All of the data below is to be repeated exactly, except for the pictures.

*Records to use:*
--- --- ---
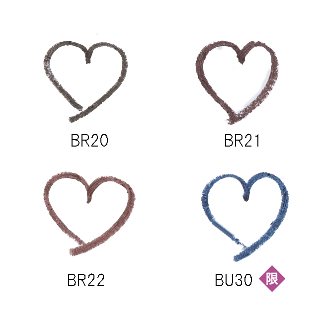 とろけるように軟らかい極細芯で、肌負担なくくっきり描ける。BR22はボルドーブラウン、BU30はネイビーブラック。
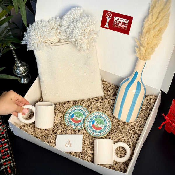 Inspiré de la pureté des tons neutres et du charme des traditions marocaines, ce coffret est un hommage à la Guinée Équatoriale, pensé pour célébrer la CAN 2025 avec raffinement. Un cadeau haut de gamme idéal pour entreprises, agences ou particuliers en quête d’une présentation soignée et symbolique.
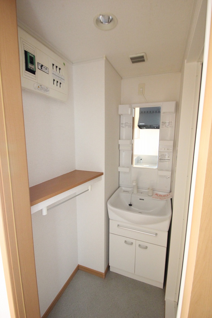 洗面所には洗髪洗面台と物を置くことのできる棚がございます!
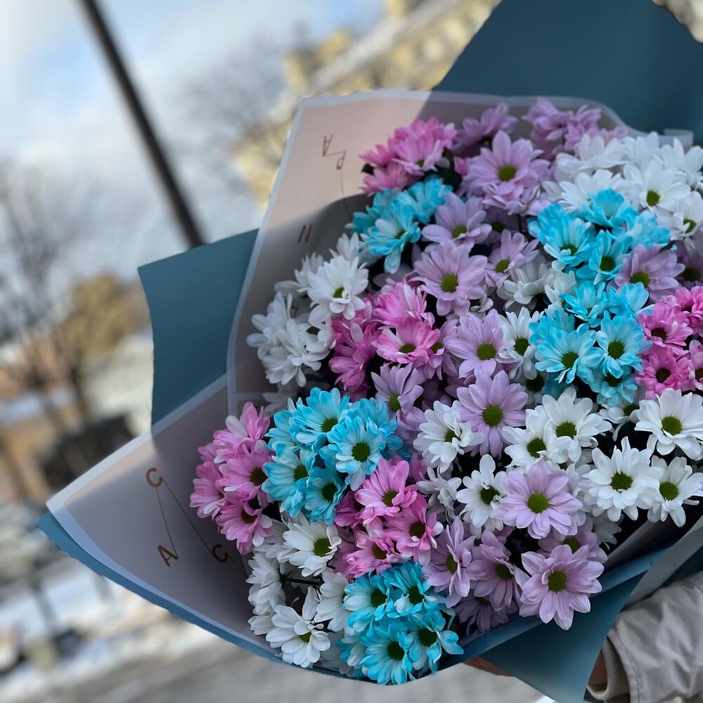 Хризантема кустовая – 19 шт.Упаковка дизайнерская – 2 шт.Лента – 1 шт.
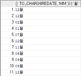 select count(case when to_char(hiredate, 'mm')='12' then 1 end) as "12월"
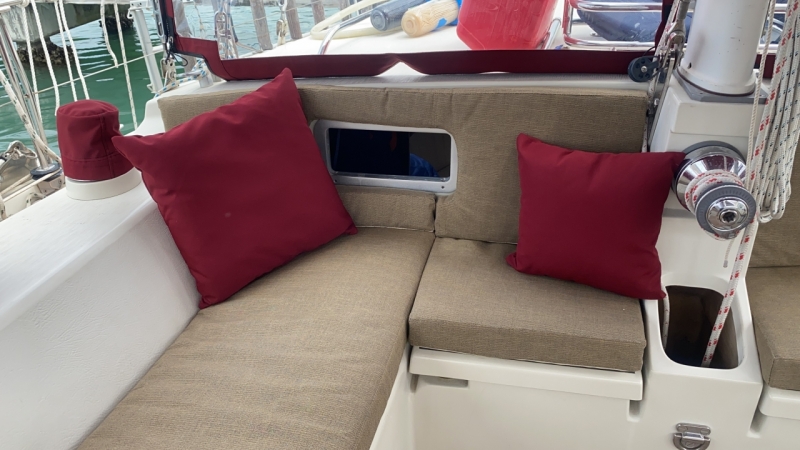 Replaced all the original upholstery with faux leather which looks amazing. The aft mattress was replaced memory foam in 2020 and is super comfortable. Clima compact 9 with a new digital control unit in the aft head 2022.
--- --- ---
*Task solution:*
 とろけるように軟らかい極細芯で、肌負担なくくっきり描ける。BR22はボルドーブラウン、BU30はネイビーブラック。
 Inspiré de la pureté des tons neutres et du charme des traditions marocaines, ce coffret est un hommage à la Guinée Équatoriale, pensé pour célébrer la CAN 2025 avec raffinement. Un cadeau haut de gamme idéal pour entreprises, agences ou particuliers en quête d’une présentation soignée et symbolique.
 洗面所には洗髪洗面台と物を置くことのできる棚がございます!
 Хризантема кустовая – 19 шт.Упаковка дизайнерская – 2 шт.Лента – 1 шт.
 select count(case when to_char(hiredate, 'mm')='12' then 1 end) as "12월"
 Replaced all the original upholstery with faux leather which looks amazing. The aft mattress was replaced memory foam in 2020 and is super comfortable. Clima compact 9 with a new digital control unit in the aft head 2022.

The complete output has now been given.